A “group visit” model, led by nurse practitioners, is a feasible and highly satisfactory means of following breast cancer survivors, according to 2 oncology nurse researchers from the Duke Cancer Center’s program.
Kathy J. Trotter, DNP, CNM, FNP-C, and Susan M. Schneider, PhD, RN, AOCN, FAAN, described their breast cancer survivorship clinic at the American Society of Clinical Oncology 2012 Breast Cancer Symposium held in San Francisco, California, in September.1
“The group visit replaces the follow-up medical appointment. The idea was to offload the medical oncologists so they could see more newly diagnosed and sicker patients,” said Trotter. “This is a billable service that I as a nurse practitioner provide, though oncologists could do this as well.”
“We love it, the patients like it, it works,” she said.
Follow-up Clinic Begins 3 Years Postdiagnosis The group medical appointment for breast cancer survivors was initiated at Duke Cancer Center in 2008, adapted from the Centering Healthcare Institute model. Patients who are at least 3 years postdiagnosis attend the clinic together in groups of 6 or 7.
An interdisciplinary group visit format in the front-end of the appointment provides education and support. The first hour includes a review of the patients’ personal care plans and a 45-minute facilitated group discussion. After this, half the patients leave for mammography and laboratory testing, while half remain with the nurse practitioner and have access as well to a dietitian, social worker, or physical therapist.
“It is important to make this visit multidisciplinary,” she said. “They are most interested, at this point, in talking with a dietitian,” she added.
Very Satisfied Patients The researchers evaluated the level of patient satisfaction with the model and also determined if there might be a cost benefit to the group visit model.

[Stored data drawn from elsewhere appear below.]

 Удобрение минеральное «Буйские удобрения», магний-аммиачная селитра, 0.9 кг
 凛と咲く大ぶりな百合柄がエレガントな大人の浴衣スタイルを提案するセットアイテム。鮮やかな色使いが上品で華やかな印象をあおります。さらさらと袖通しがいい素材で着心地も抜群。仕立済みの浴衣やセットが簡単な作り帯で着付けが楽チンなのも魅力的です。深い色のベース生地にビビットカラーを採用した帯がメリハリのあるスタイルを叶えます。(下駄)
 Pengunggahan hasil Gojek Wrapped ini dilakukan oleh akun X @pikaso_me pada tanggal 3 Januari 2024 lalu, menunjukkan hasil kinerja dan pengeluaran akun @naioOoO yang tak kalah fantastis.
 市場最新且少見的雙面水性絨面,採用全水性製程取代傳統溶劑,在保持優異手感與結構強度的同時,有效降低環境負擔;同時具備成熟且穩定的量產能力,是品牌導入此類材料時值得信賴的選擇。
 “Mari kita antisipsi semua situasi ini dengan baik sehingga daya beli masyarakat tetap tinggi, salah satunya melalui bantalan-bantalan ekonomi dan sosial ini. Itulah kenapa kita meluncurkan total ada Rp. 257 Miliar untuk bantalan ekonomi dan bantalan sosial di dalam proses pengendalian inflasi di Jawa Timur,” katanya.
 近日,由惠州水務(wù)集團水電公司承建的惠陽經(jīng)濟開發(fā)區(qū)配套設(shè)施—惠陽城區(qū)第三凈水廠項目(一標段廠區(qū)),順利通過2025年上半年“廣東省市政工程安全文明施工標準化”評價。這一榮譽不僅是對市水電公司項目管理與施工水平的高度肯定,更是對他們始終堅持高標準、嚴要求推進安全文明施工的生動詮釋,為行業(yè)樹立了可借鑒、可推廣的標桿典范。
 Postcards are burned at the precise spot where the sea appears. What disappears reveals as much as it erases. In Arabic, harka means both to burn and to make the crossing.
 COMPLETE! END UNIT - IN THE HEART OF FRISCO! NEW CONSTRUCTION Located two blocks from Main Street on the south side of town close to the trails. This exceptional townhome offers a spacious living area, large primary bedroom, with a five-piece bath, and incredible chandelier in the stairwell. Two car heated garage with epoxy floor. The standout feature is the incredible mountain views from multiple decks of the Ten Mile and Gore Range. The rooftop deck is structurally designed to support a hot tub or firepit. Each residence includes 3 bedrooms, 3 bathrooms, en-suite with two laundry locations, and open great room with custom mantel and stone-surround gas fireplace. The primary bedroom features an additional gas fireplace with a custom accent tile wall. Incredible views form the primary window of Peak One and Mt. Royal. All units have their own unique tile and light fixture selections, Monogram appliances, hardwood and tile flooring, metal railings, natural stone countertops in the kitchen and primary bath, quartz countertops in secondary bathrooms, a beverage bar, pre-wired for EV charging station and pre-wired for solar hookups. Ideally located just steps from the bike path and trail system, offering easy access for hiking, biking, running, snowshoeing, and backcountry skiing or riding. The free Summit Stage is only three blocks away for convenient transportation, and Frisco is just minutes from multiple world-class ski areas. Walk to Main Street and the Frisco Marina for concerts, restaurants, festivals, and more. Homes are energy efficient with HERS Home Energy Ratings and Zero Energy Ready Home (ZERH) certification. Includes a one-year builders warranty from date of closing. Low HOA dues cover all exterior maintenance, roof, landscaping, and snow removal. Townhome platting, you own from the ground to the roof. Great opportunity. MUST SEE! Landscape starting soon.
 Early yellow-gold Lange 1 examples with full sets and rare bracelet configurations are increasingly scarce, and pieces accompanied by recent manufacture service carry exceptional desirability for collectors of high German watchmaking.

A 22-item Likert-type questionnaire sought opinions from 122 patients regarding logistics and the style and function of care delivered. Second, a retrospective analysis of clinical fi-nancial data on 300 patients was performed. For this, revenues from the group medical visit by the nurse practitioner were compared with those obtained from traditional physician visits. A review of time to the third available appointment for each clinician was also recorded.
Overall, 98% of the 122 respondents felt the program provided quality care, and 97% were likely to recommend the clinic to other breast cancer survivors. More than 80% of respondents added comments, with the vast majority being positive. From these comments, several qualitative themes emerged, most strikingly that patients appreciated the opportunity to share with other survivors and to receive nursing care with such a high level of attention and professionalism.
“At first I was wary about this program, but only one visit converted me,” one patient wrote. “It felt warm and friendly, versus clinical, which is exactly what I needed.”
Program Is Cost-Effective The cost-benefit analysis revealed that revenues and direct costs were nearly equal between the 2 delivery models. A review of time to the third available appointment for the primary referring oncologist dropped from 29.4 days to 26.7 days, while the nurse practitioner’s time remained stable at 8.7 days.
“Our financial manager told me that for each new patient that the oncologist is free to see, that is $8400 [revenue] for our budget,” Trotter said.
But what is immeasurable is the community value of a center that takes care of its patients. Even though we are not actually making money from this, patients are spreading the word that we are a center that will take care of you.”
William Sikov, MD, of University Medicine in Providence, Rhode Island, led a “poster discussion walk” at the meeting, where he commented on the potential value of this format. He said the patient volume at large medical centers “threatens to swamp the ability of physicians to see patients for follow-up, to the detriment of seeing new patients. This is an interesting approach.”
Sikov suggested one of the greatest benefits is the group sharing experience in which patients feel the commonality of their condition. “I may have a difficult time convincing the stage I patient with a twinge in her knee that she doesn’t need a bone scan. It is meaningful for patients to hear from around the room that other patients have these symptoms too. They see that certain things really are common.”
Trotter responded that such peer support is part of what the group visit offers. “But my job is to see that we get the correct information out,” she said, “and that patients understand when they don’t need to worry, and when they need to see us right away.”